Resumen 2000: La fiebre del oro

Las tres medallas de oro de Marion Jones y la incomparable velocidad de Michael Johnson en las pistas de Sydney, demostraron nuevamente que Estados Unidos sigue por otro año en el primer lugar del podio del atletismo mundial.

30 de Diciembre de 2000 | 17:26 | emol.com
No ha habido una mujer en la historia olímpica capaz de colgarse cinco medallas de oro. Nunca. Y esa espina bastaba para que el sueño de Marion Jones fuera intranquilo, pero grande.

La Jones no era, a simple vista, la heroína de su propio cuento. Rivales poderosas se iban a encargar de despertarla. Sin embargo, su ambición era tal que en los Juegos Olímpicos de Sydney 2000 su empeño es el mejor resumen de la lucha propia por conquistar el éxito. A los 24 años, la estadounidense se puso como meta ganar cinco títulos (100m, 200m, longitud y los dos relevos) y ser la reina.

Casi.

La vara era demasiado alta y por ahora (con tres oros y los bronces en el salto y el 4x100) la Jones sigue soñando. Por ahora, además, ella está a un paso de la gloria que podría alcanzar en Atenas 2006. Técnica, fuerza, edad y amor propio le sobran.

Sydney también tuvo que secar las pistas. El pesar del marroquí Hicham El Guerruj aparece en el resumen del año, como el ejemplo de un error de planificación que le costó la final olímpica de 1.500 metros, su primera derrota en los cuatro años de Olimpiadas.

Las sorpresas de la temporada corrieron también en pista. En la final de los 200, el griego Konstantinos Kenteris era el único blanco entre siete negros. Imposible, pero ganó igual. Tan asombroso como, según los entendidos, las victorias del alemán Nils Schumann en 800, del keniano Noah Ngeny en 1.500, del etíope Million Wolde en 5.000, del cubano Anier García en 110 metros vallas, y la polaca Kamila Skolimoska en martillo.

Los remolones piques de Michael Johnson también pasarán a la historia. El estadounidense -dueño del tranco más perfecto de la historia- hizo de la final de los 400 metros un mero trámite para marcar 43.84, un imposible para cualquier otro mortal.

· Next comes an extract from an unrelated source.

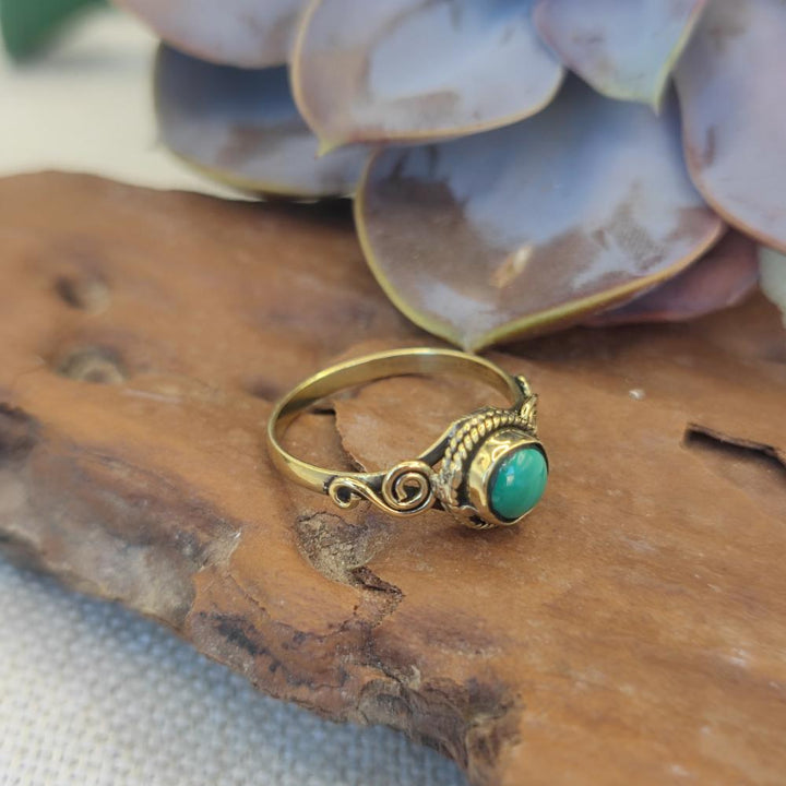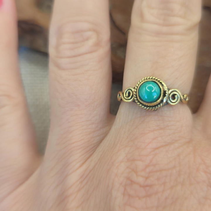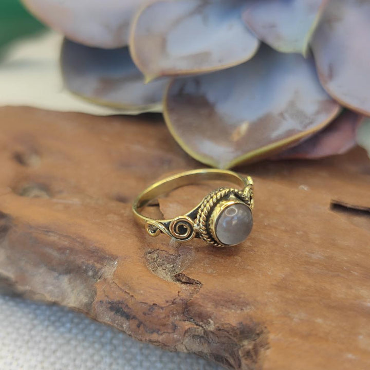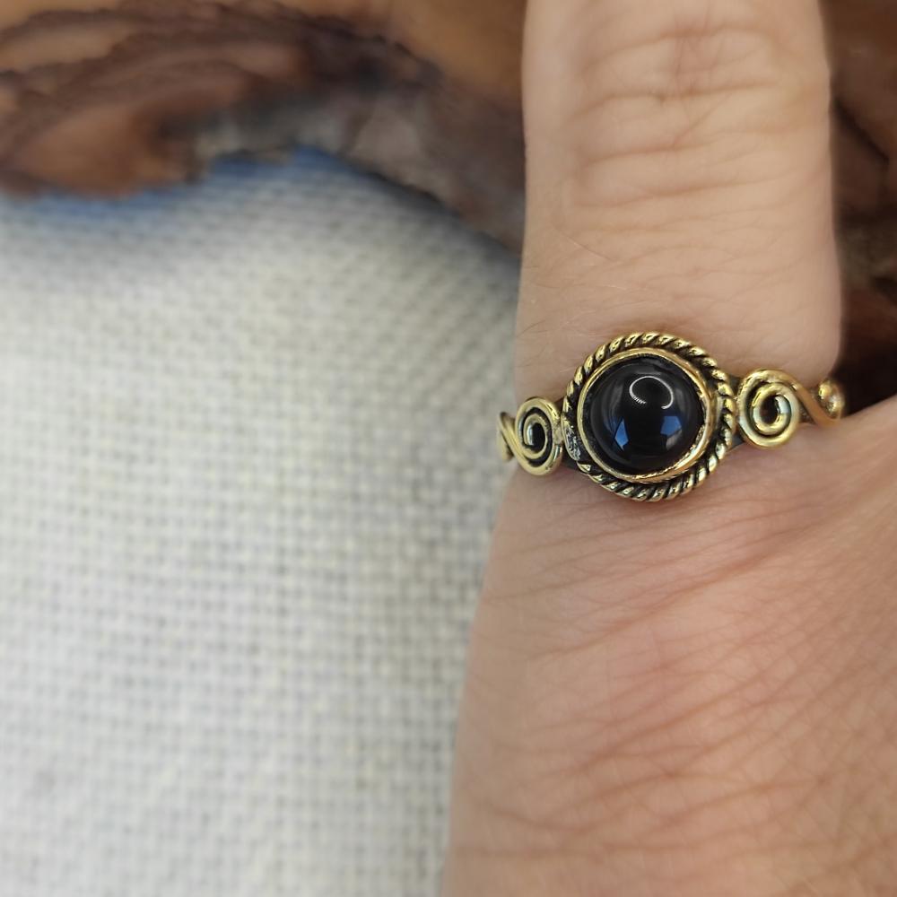 Ethnic brass ring with stone - KATRAS

Con la Jones y Johnson bien arriba, Maurice Greene no podía quedarse abajo y debía subirse al éxito con un logro importante. La conquista de los 100 metros -con 9.87- no sólo le devolvió la prueba a los Estados Unidos sino que significó su título más importante en su carrera.

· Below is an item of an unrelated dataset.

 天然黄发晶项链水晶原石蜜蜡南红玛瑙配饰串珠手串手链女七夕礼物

El fulgor del trío no alcanzó a eclipsar el íntimo logro del polaco Robert Korzeniowski, ganador de los 20 y los 50 kilómetros marcha en una hazaña sin precedentes.

El 2000 no será un año fácil de arrancar del diario de vida del cubano Javier Sotomayor.

El Consejo Directivo de la IAAF esgrimió el limpio historial del saltador de Limonar para reducirle a dos años su sanción por dopaje, lo que en la práctica le otorgaba la oportunidad de retirarse de la competición olímpica con dignidad propia del mejor saltador de altura de la historia. La felicidad no fue completa para el isleño, pues los elementos se confabularon para privarle de un adiós de oro. El ruso Sergey Kliugin había saltado 2,35 y a continuación la lluvia y el viento pusieron manto de protección a su marca, inaccesible en tales condiciones incluso para el gran atleta cubano, que sólo ganó plata.

La temporada atlética se cerró con la elección de los mejores del año. La proclamación de Marion Jones estaba cantada por razones obvias, pero el galardón masculino deparó una pequeña sorpresa: los astros estadounidenses fueron rezagados en beneficio del checo Jan Zelezny, cuyo tercer título olímpico consecutivo de jabalina le hizo acreedor al premio de mejor atleta mundial del año.

Una sonrisa para el pequeño país europeo, que en este tragicómico 2000 vio la partida de Emil Zatopek, la locomotora humana que llegó al final de su recorrido.